▶ [Given information]:
□ □ □ □ □ □ □

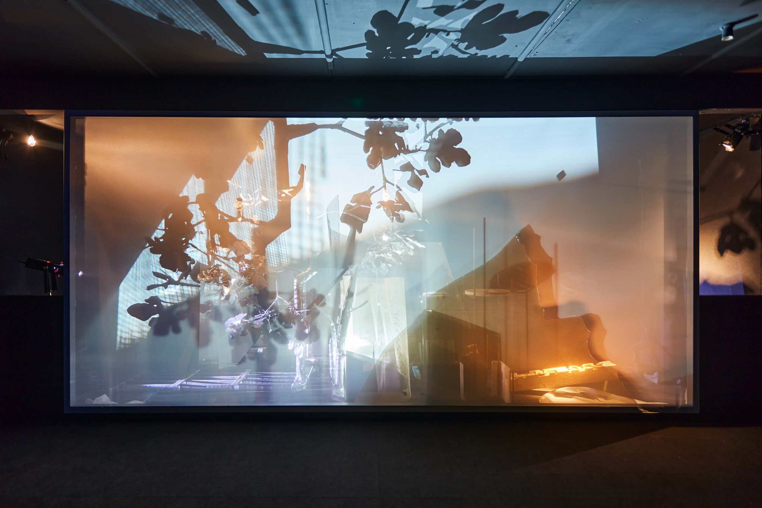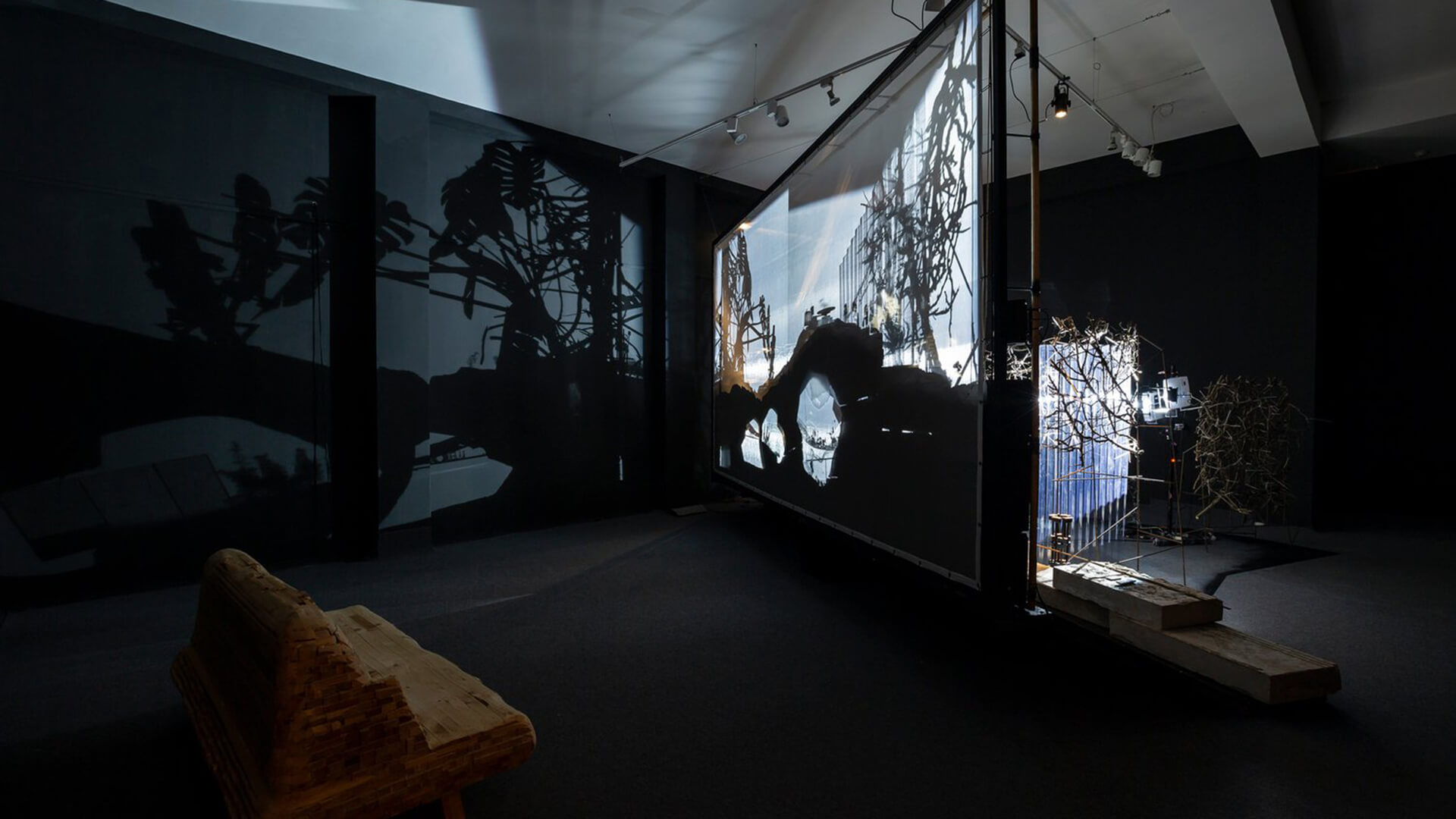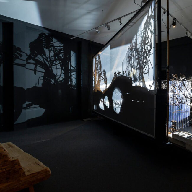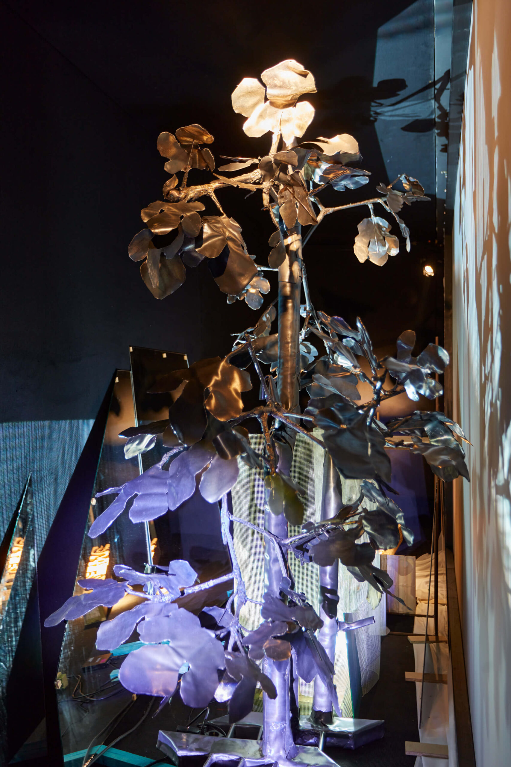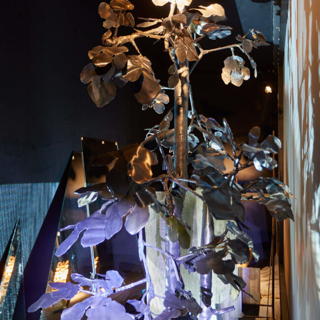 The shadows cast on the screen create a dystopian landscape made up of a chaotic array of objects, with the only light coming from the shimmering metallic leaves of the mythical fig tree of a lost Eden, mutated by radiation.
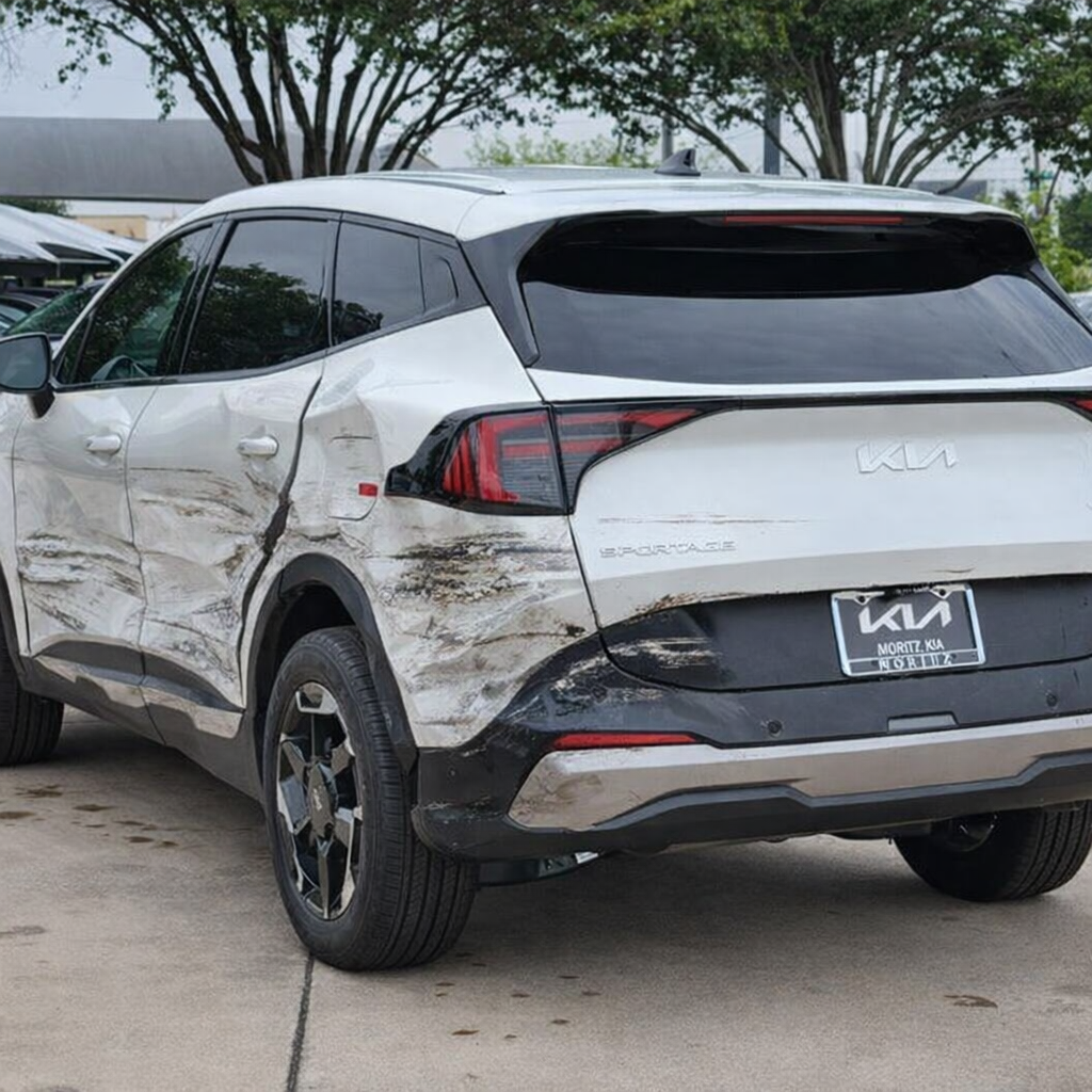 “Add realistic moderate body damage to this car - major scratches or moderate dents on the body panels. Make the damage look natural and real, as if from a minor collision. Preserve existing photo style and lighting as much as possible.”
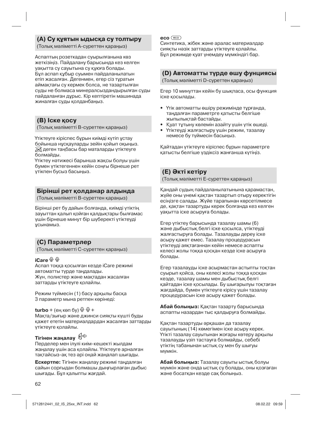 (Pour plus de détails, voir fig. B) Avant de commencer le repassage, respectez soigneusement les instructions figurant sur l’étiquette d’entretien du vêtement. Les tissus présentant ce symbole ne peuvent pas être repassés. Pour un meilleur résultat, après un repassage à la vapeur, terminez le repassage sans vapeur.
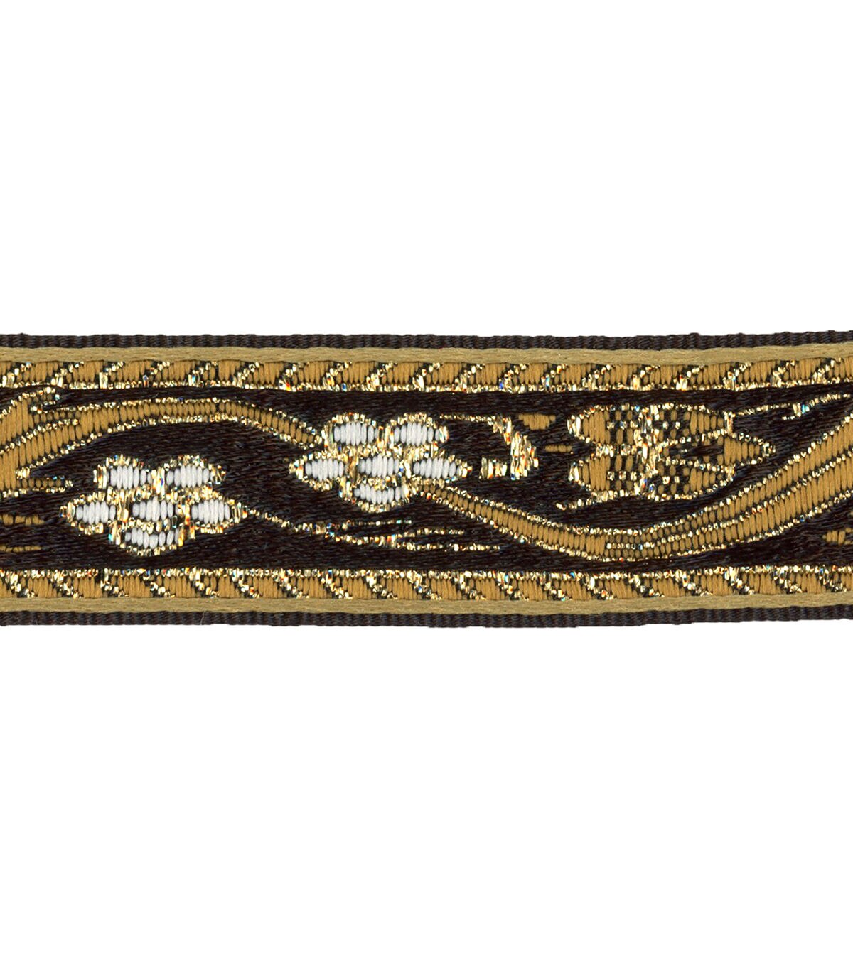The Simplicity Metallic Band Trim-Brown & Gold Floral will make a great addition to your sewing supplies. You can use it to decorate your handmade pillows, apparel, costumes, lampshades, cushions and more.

□ □ □ □ □ □ □

▶ [Required work]: What is needed is a word-for-word copy of the data above, free of any images.

▶ [Response for this exercise]:
 The shadows cast on the screen create a dystopian landscape made up of a chaotic array of objects, with the only light coming from the shimmering metallic leaves of the mythical fig tree of a lost Eden, mutated by radiation.
 “Add realistic moderate body damage to this car - major scratches or moderate dents on the body panels. Make the damage look natural and real, as if from a minor collision. Preserve existing photo style and lighting as much as possible.”
 (Pour plus de détails, voir fig. B) Avant de commencer le repassage, respectez soigneusement les instructions figurant sur l’étiquette d’entretien du vêtement. Les tissus présentant ce symbole ne peuvent pas être repassés. Pour un meilleur résultat, après un repassage à la vapeur, terminez le repassage sans vapeur.
The Simplicity Metallic Band Trim-Brown & Gold Floral will make a great addition to your sewing supplies. You can use it to decorate your handmade pillows, apparel, costumes, lampshades, cushions and more.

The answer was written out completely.